● **EXERCISE DESCRIPTION**: Transcribe the listing exactly, leaving out every picture.

● **MATERIAL PROVIDED**:
"""
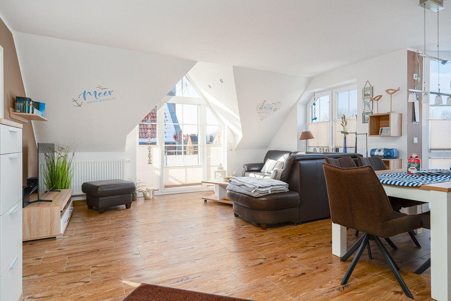 Im lichtdurchfluteten Wohn-Essbereich erwartet Sie jeglicher Komfort. Bequeme Sitzgruppe, SAT-TV(CI-Modul vorhanden), Musikanlage.
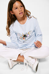 T-shirt de manga comprida em tecido de algodão para menina. Estampado gráfico com licença "Batman" à frente. Gola redonda. Fit reto.
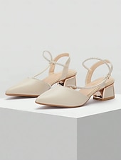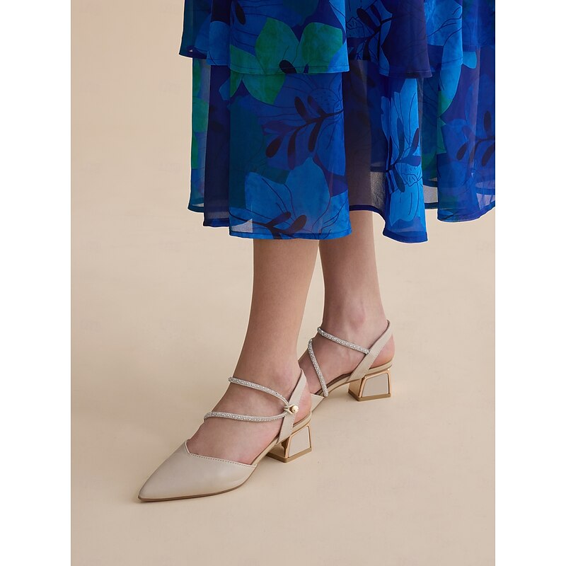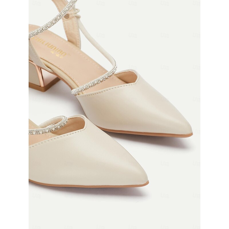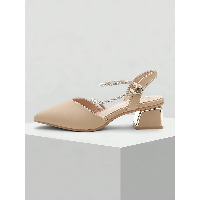 More information about Elegant Women's Slingback Pointed Toe Heels with Rhinestone Strap - Beige Mid-Heel Shoes for Weddings and Parties
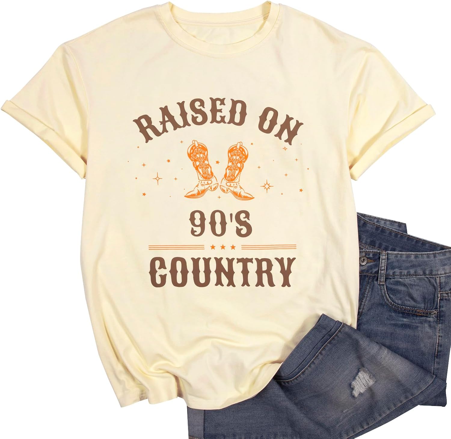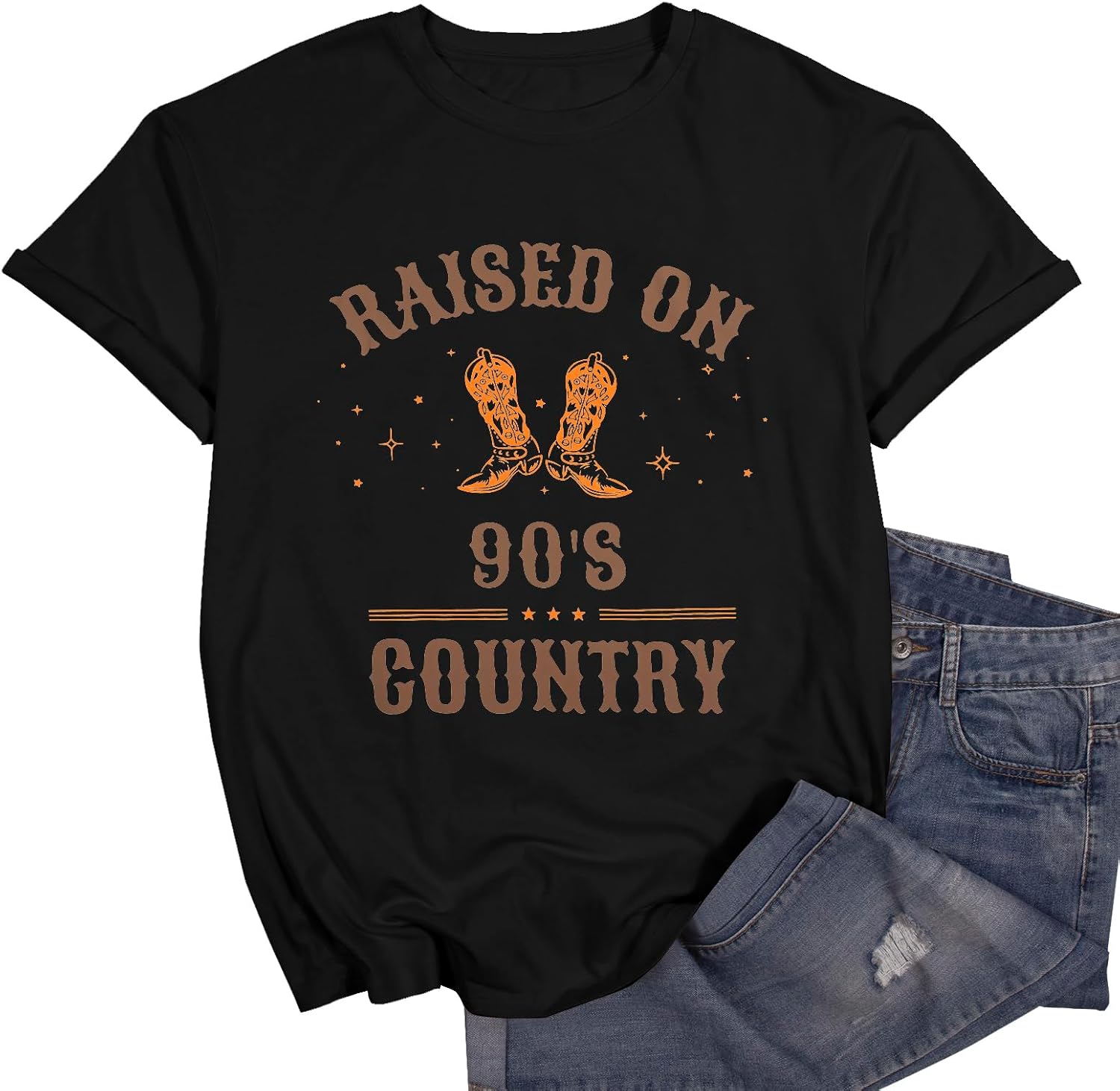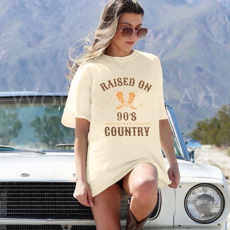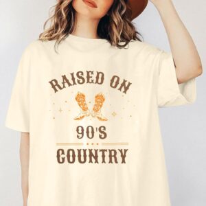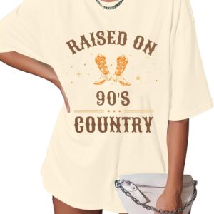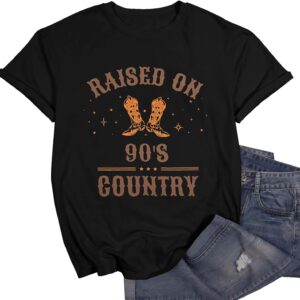 - Design: Raised on 90s country letter print,womens country music graphic tee,vintage tees for women,country shirts women,music party tops,casual loose crew neck country music t-shirts tops,country music fan tee, gift for country music lover,suitable for women of all ages.
"""
● **RESULT OF THE EXERCISE**:
 Im lichtdurchfluteten Wohn-Essbereich erwartet Sie jeglicher Komfort. Bequeme Sitzgruppe, SAT-TV(CI-Modul vorhanden), Musikanlage.
 T-shirt de manga comprida em tecido de algodão para menina. Estampado gráfico com licença "Batman" à frente. Gola redonda. Fit reto.
 More information about Elegant Women's Slingback Pointed Toe Heels with Rhinestone Strap - Beige Mid-Heel Shoes for Weddings and Parties
 - Design: Raised on 90s country letter print,womens country music graphic tee,vintage tees for women,country shirts women,music party tops,casual loose crew neck country music t-shirts tops,country music fan tee, gift for country music lover,suitable for women of all ages.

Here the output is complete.